The display driver 120 includes a voltage generation unit 210, input switching units 220-1 to 220-4, operational amplifiers 230-1 to 230-4 connected as voltage followers, and switch elements SW1 to SW8.
The voltage generator 210 generates a power supply voltage V on the high potential side. _DD (V0) and the power supply voltage V on the low potential side _SS Based on the potential difference from (V5), power supply voltages V0 to V5 for driving the liquid crystal are generated. Here, the voltage generator 210 is configured to supply the power supply voltage V on the high potential side. _DD (V0) and the power supply voltage V on the low potential side _SS By dividing the resistance by the resistor 212 inserted between (V5) and the power supply voltage V1 to V4 for driving the liquid crystal.
When the input switching unit 220-1 is set to the master mode by the M / S switching terminal 208, the input switching unit 220-1 uses the power supply voltage V <b> 1 generated by the voltage generation unit 210 as the first operational amplifier 230-1 connected to the voltage follower. To the terminal (+ terminal). Further, the input switching unit 220-1 is configured such that, when the slave mode is set by the M / S switching terminal 208, the power supply voltage supplied via the power supply voltage input terminal 200 is the voltage follower-connected operational amplifier 230-. 1 to the first terminal (+ terminal).
When the master mode is set by the M / S switching terminal 208, the input switching unit 220-2 uses the power supply voltage V <b> 2 generated by the voltage generation unit 210 as the first of the operational amplifier 230-2 connected in the voltage follower. To the terminal (+ terminal). Further, the input switching unit 220-2 is configured to supply the power supply voltage supplied through the power supply voltage input terminal 202 to the voltage follower 230- when the slave mode is set by the M / S switching terminal 208. 2 to the first terminal (+ terminal).
When the master mode is set by the M / S switching terminal 208, the input switching unit 220-3 uses the power supply voltage V3 generated by the voltage generation unit 210 as the first of the operational amplifier 230-3 connected in the voltage follower. To the terminal (+ terminal). In addition, the input switching unit 220-3 is configured such that when the slave mode is set by the M / S switching terminal 208, the power supply voltage supplied via the power supply voltage input terminal 204 is the voltage follower-connected operational amplifier 230-. 3 to the first terminal (+ terminal).
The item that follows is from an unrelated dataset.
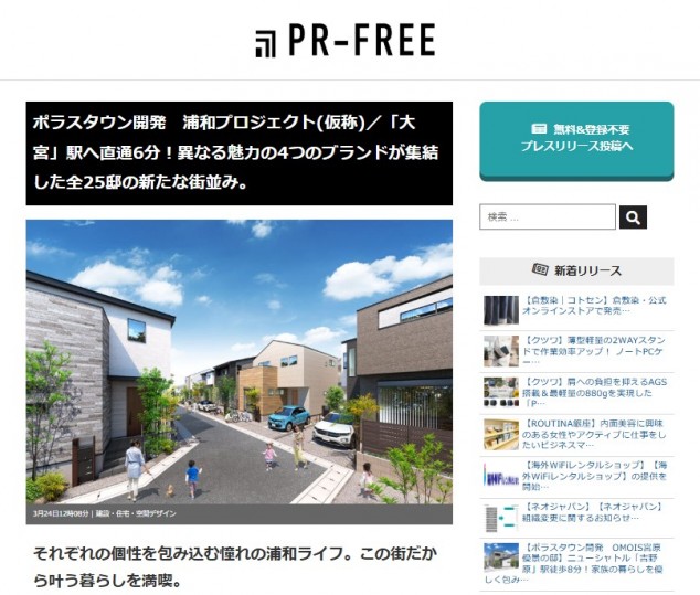 この度、ポラスタウン開発株式会社(本社:埼玉県さいたま市南区、代表取締役:中内晃次郎)は、新築一戸建分譲住宅『浦和プロジェクト(仮称)』(埼玉県さいたま市、全25邸)を販売することを、お知らせいたします。

When the master mode is set by the M / S switching terminal 208, the input switching unit 220-4 uses the power supply voltage V4 generated by the voltage generation unit 210 as the first of the operational amplifier 230-4 that is voltage follower connected. To the terminal (+ terminal). In addition, the input switching unit 220-4 is configured such that when the slave mode is set by the M / S switching terminal 208, the power supply voltage supplied via the power supply voltage input terminal 206 is the voltage follower-connected operational amplifier 230-. 4 to the first terminal (+ terminal).
FIG. 4 shows an example of the configuration of such an input switching unit 220-1.
Here, the input switching unit 220-1 will be described, but the input switching units 220-2 to 220-4 have the same configuration.
The input switching unit 220-1 includes an n-channel transistor (Transistor: hereinafter abbreviated as Tr) connected to each other's drain terminal and source terminal, and a first and second transmission gate connected to a p-channel transistor. 240 and 242 and an inverter element 244.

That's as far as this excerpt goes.